Agli inizi del Novecento un ragazzo destinato a diventare uno dei massimi poeti italiani e a vincere il Nobel per la letteratura 1975, Eugenio Montale, trascorre l’infanzia e la sua giovinezza tra la natìa Genova e lo splendido paese di Monterosso, nelle Cinque Terre liguri, dove la famiglia è solita recarsi in vacanza. Nelle sue poesie dominerà il paesaggio che lui, ultimo di sei figli, guardava dalla finestra della sua casa a Monterosso, un paesaggio ligure “scabro ed essenziale”. Lo stesso titolo della sua prima opera, Ossi di seppia (1925), designa l’esistenza umana, logorata dalla natura, e ormai ridotta a un oggetto inanimato, privo di vita.
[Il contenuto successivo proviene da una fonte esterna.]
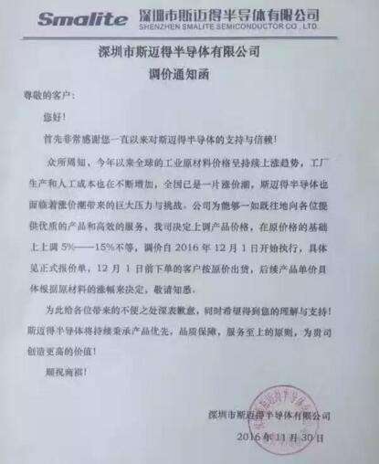 本以為是LED常年價格戰競爭的良性回歸,但是,2016年下半年以來,隨著線路板、金線等原材料的連續大幅上漲,以及人工、房租成本的增加,即使行業競爭再激烈,封裝廠也開始不得不從價格戰轉向價值戰,漲價變得勢在必行。斯邁得、鴻利、晶科、旭宇等幾大封裝廠選擇在12月開局之時集體提價,成為業界關注的焦點。

Gli ossi di seppia sono una metafora che serve a descrivere l’uomo, che con l’età adulta viene allontanato dalla felicità della giovinezza e abbandonato, al dolore, sulla terra come un inutile osso di seppia. Gli ossi di seppia sono, appunto, gli endoscheletri delle seppie rilasciati sulla spiaggia dalle onde del mare, quindi, presenze inaridite e ridotte al minimo, che simboleggiano la poetica di Montale a sua volta scabra ed essenziale come il paesaggio ligure.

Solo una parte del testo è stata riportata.